- Fakir Baykurt
- Born: Tahir Baykurt June 15, 1929 Yeşilova, Burdur, Turkey
- Died: October 11, 1999 (aged 70) Essen, Germany
- Occupations: Poet, novelist and trade unionist

= Fakir Baykurt =

Turkish Novelist

Fakir Baykurt or born Tahir Baykurt (15 June 1929 - 11 October 1999) was a Turkish author and trade unionist.

==Early life==
Fakir Baykurt was born Tahir on 15 June 1929, son of Elif and Veli Baykurt, in Akçaköy which is a district of Burdur, Turkey. His birth date is not known accurately however he pointed out that he was born in middle of June, 1929 by his mothers memoirs. His family gave him name of his uncle Tahir who died in battle. Tahir enrolled at Akçaköy Primary School in 1936 and lost his father just two years later. After his father's death, Tahir moved to Burhaniye, Bursa by aid of his uncle Osman Erdoğuş in purpose of earning money by textile works. During World War II, his uncle Osman joined Turkish army and that event helps Tahir to continue his education freely. 1942 was a year Tahir began to writing poems when he was deeply malaria ill.

After graduation from primary school, he enrolled at a village institute in Gönen, Isparta . During his institute days he focused on poetry and had a chance to read many books. On village institutes, he said: "Village Institute was huge chance for me. I was not able to enter any high school after graduation from primary school, my family couldn't afford. Village institutes were attracting students in the villages who have own wish for high education like me." In these years, Tahir read poems of Nazım Hikmet, a leftist poet and novelist who is under arrest at that time, he had to read most of these poems in privacy due to political pressure on communists in Turkey.

==Literary career==
His first published poem Fesleğen Kokulum (My Basil-Scented) took place in a local journal Türke Doğru. In 1947, Tahir used Fakir Baykurt as pen name first time, his pen name Fakir is known more than his real name Tahir among Turkish literature society. One year later Fakir graduated from village institute and he was assigned to Kavacık Village, which is near by Fakir's native hometown, as teacher. During his career, he met poets and authors several times. In 1951 he married Muzaffer, he was appointed to Dereköy and his home was investigated under prosecution process. Two years later Fakir entered Turkish Literature Department of Gazi Faculty of Education. Fakir is judged next year due to some of his writings in Gayret journal. In 1955 he graduated from Gazi Faculty of Education, his first book Çilli (Freckled Face) was published.
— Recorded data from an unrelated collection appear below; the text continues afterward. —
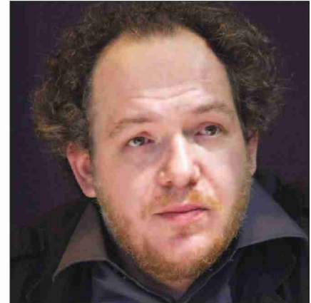
Boualem Sansal, Sorj Chalandon et Mathias Enard: trois auteurs incontournables de cet automne littéraire.

Un peu moins de 600 romans publiés par des éditeurs français sont attendus en librairie ces prochaines semaines. Présentation de quelques incontournables de la rentrée littéraire.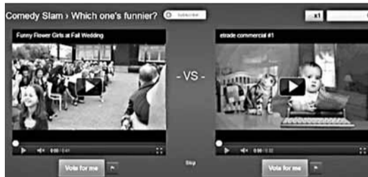
YouTube新服務Slam讓網民能票選心水影片。

新服務把短片分成5個類別，包括趣味、可愛、音樂、古怪及舞蹈，每周選出同類短片互相對戰，再由用戶投票選出心儀短片。用戶投票後可獲得「預測群眾喜好分數」，讓他們跟其他選民比較預測眼光，提供電視般的互動感覺。 ■《每日郵報》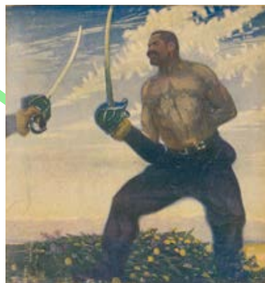
Titelblatt der Zeitschrift Jugend mit Fritz Erlers Der Fechter , Bd. 1, Heft 18, 10. Jg., 1905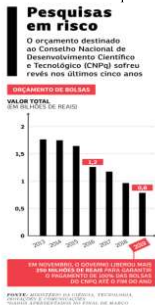
Figura 31 – Recorte da reportagem “Cortes e mais cortes: o que será da Ciência e da pesquisa no Brasil?” 9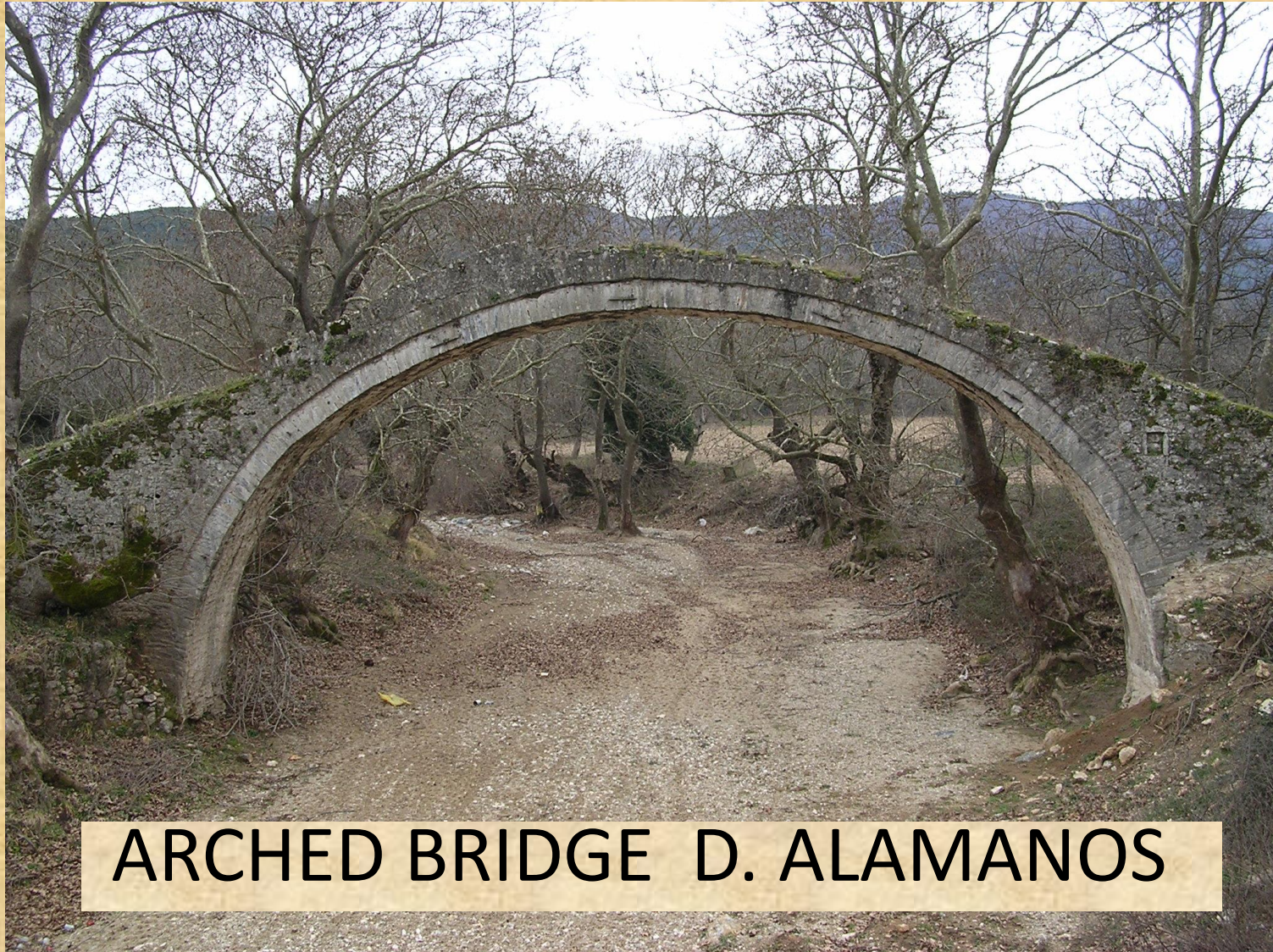
ARCHED BRIDGE D. ALAMANOS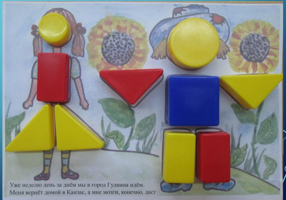
Уже неделю день за днём мы в город Гудвина идём. Меня вернёт домой в Канзас, а мне мозги, конечно, даст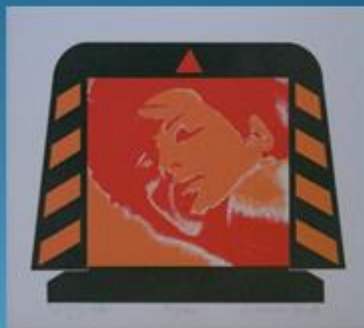
Warhol: MM, 1962 in Logar: Figura, 1976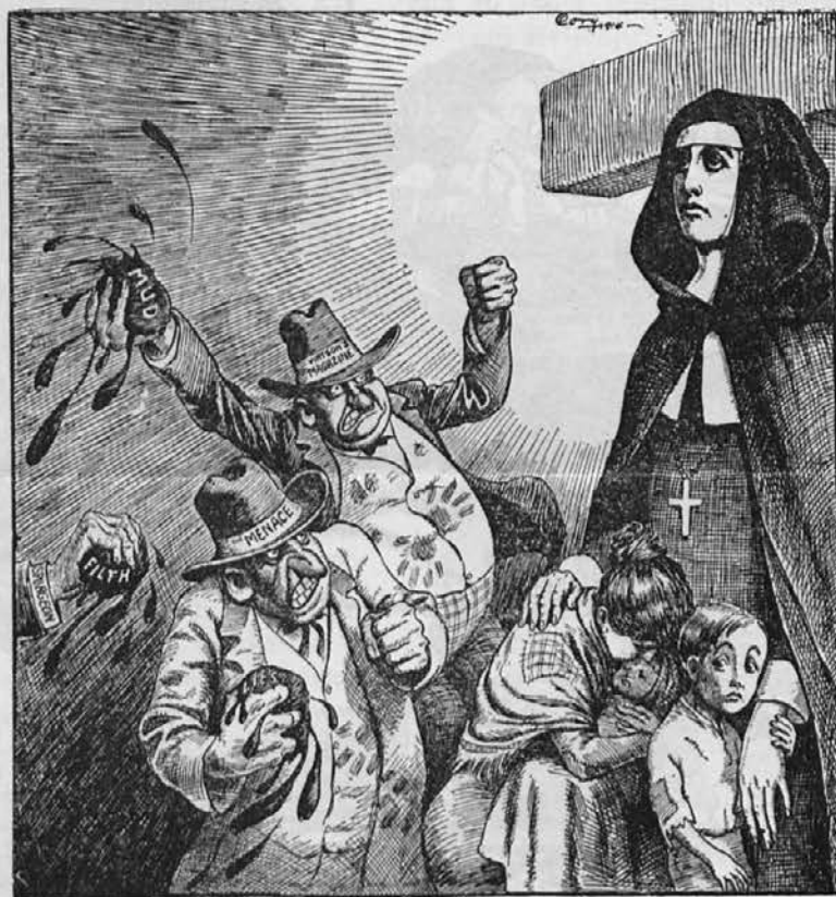
Takole delajo "naši nasprotniki."

Apostoli dali so to oblast svojim naslednikom: škofom in duhovnikom. Posvečevali so jih, pokladali na nje svoje roke, davali jim urad in isto moč, ki so jo prejeli od Gospoda: oznanjati besedo Božjo, krščevati, opravljati daritev sv. maše, deliti sv. poslednje olje in odpušča-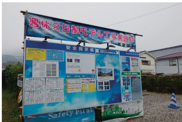
～「週休2日」取組の掲示状況～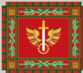
Logistikos valdybos vėliava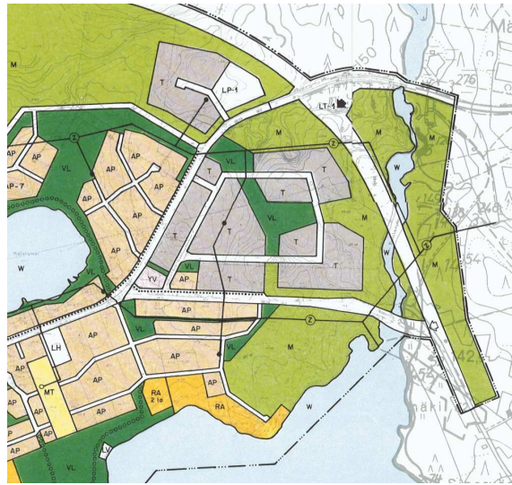
Kuva 3: Kirkonkylän osayleiskaava 1985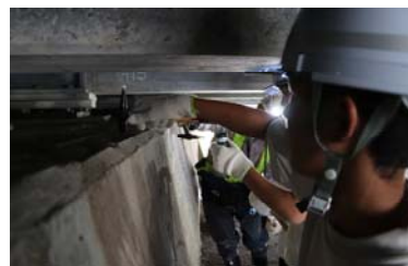
H30 構造物点検(深津橋)

In 1957 he was conscripted, his daughter Işık was born, a year later, Fakir won Yunus Nadi Novel Award by his first published novel Yılanların Öcü (Revenge of the Snakes). However he and committee of the Yunus Nadi Award were prosecuted due to this decision. After this prosecution, Fakir began writing for Cumhuriyet which is a secular and republican Turkish daily newspaper. Fakir was unseated by virtue of his articles in Cumhuriyet, after removal of authoritarian Democrat Party by succeeded coup d'état, Fakir had chance to get back on task; he was assigned to Education Inspector of Primary Schools in Ankara and his book Efkar Tepesi (Hill of Pensiveness) was published.

==Political struggles==
After disappearance of political oppression on leftists in Turkey by 1960 coup d'état, Fakir's first novel Yılanların Öcü was made into a 1962 movie directed by Metin Erksan and adapted into a theatrical play. Although the film was banned at first due to its critical features, it was released again by influence of President Cemal Gürsel. His novels Onuncu Köy (Tenth Village), Karın Ağrısı (The Stomach Pain), Irazca'nın Dirliği (Irazca's Peace) were published at this period. Baykurt had training about aesthetical act of writing and education skills in Indiana University Bloomington. In 1963, his son Tonguç was born, Baykurt returned to Turkey and he resumed inspectorship duty in Ankara. Just a year later Yılanların Öcü was translated into German and Russian whilst Irazca'nın Dirliği was translated into Bulgarian. In 1965, Baykurt was one of members who established Teachers Union of Turkey; he was elected chairman of this union. Baykurt visited Bulgaria and Hungary under the title of chairman of the union. He was unseated from Education Inspector duty in consequence of his efforts in union.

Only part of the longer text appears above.